It's the winter of 1994, and whilst picking up Brainiac and Guided By Voices records for your cool niece for Hanukkah, a sympathetic clerk at the local record store throws this into your shopping bag. And because who doesn't like free stuff, you smile and thank them. You slap this Restless Records catalog sampler, featuring two tracks each from eight bands, into your Discman with the tape deck adapter, and dig right in. Here's what you hear:
- aMiniature was from San Diego, and came from that angular, post hardcore/math rock tradition exemplified in the area by the immortal Drive Like Jehu. Both tracks come from their second record, 1994's Depthfiveratesix.
- Surrender, You Freak was album #2 from Seattle's Sister Psychic, a band who I'd never heard of until picking this up. Definitely hailing from the Neil Young folk rock branch of mid-90s alternative rock.
- Swains' second and third records got issued Stateside by Restless; these two songs come from the third and final full-length Sonic Mind Junction. Apparently, the folks on Discogs describe them as "progressive house", but I'll just give them the "leftfield" genre and move on with my life.
- Smut were a quartet of Minneapolis punks who made music along the same lines as Babes In Toyland, so it makes sense they put out records via Lori Barbero's imprint Spanish Fly Records. It was tied in with Twin/Tone, which, by this point, Restless was distributing, so BOOM! two tracks from their debut full-length.
- Louisville's Crain was part of the end of Slamdek, and helped bridge that label's weirdo punk/HC aesthetic with the weirdo indie rock vibe that'd emerge via Rodan and the For Carnation a couple years later. Heater came out in 1994 and was Crain's swan song.
- I knew God And Texas almost exclusively from a track they contributed to the Australian comp "Self Mutilation - A Compilation Of Compilations", which I've never owned an actual copy of but managed to acquire a dubbed tape somewhere around 1996 and treasured ever since. God And Texas were one of those noise rock shit stirrers that all gravitated to Chicago; both tracks here originated on 1993's Criminal Element, which is a pretty great record from that era.
- The Hang-Ups, like Smut, hailed from the Twin Cities. Unlike Smut, the Hang-Ups made super tuneful jangle pop and had a record co-produced by Mitch Easter and Don Dixon.
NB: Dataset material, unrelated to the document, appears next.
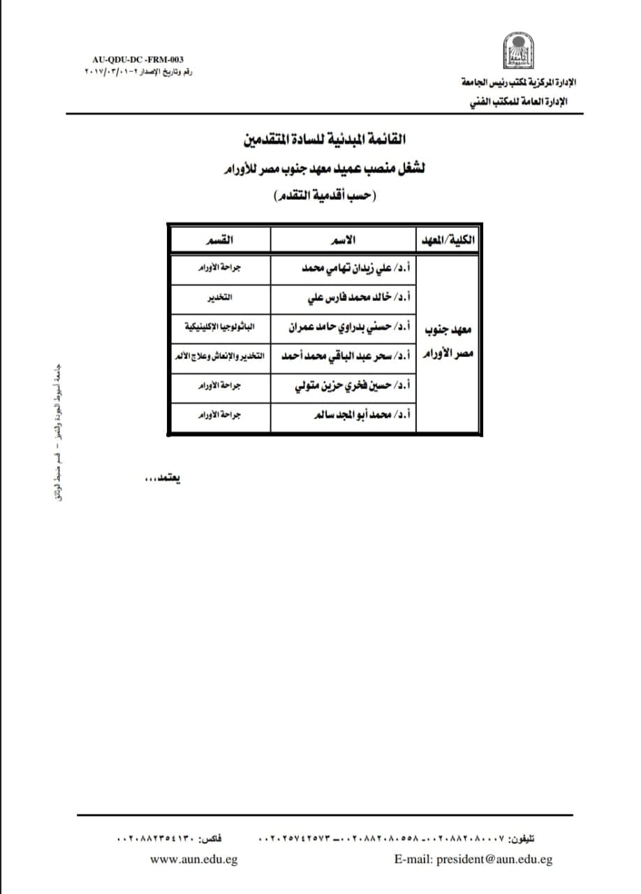 وتضم القائمة المبدئية لشغل منصب عميد معهد جنوب مصر للأورام؛ كلاً من: الدكتور علي زيدان تهامي محمد الأستاذ بقسم جراحة الأورام، والدكتور خالد محمد فارس علي الأستاذ بقسم التخدير، والدكتور حسني بدراوي حامد الأستاذ بقسم الباثولوجيا الإكلينيكية، والدكتورة سحر عبدالباقي محمد الأستاذ بقسم التخدير والإنعاش وعلاج الألم، والدكتور حسين فخري حزين الأستاذ بقسم جراحة الأورام، والدكتور محمد أبوالمجد سالم الأستاذ بقسم جراحة الأورام.

He's After Me was released on Clean Records, distributed by Restless, and was the source of the Hang-Ups' two songs contained herein.
- And, finally, a pair of songs from Giant Sand, the still-active, ever-prolific, Tucson-located alt-country band. Purge & Slouch was Giant Sand's third record for Restless, their 10th overall, is now 33 years old, which breaks my spirit, b/c I remember playing songs from this record on the radio in 1995.
So, there you have it. A sampling of an American indie rock label during the peak of Cobain. A lot of it still holds up. But maybe that's because I came of age during this time.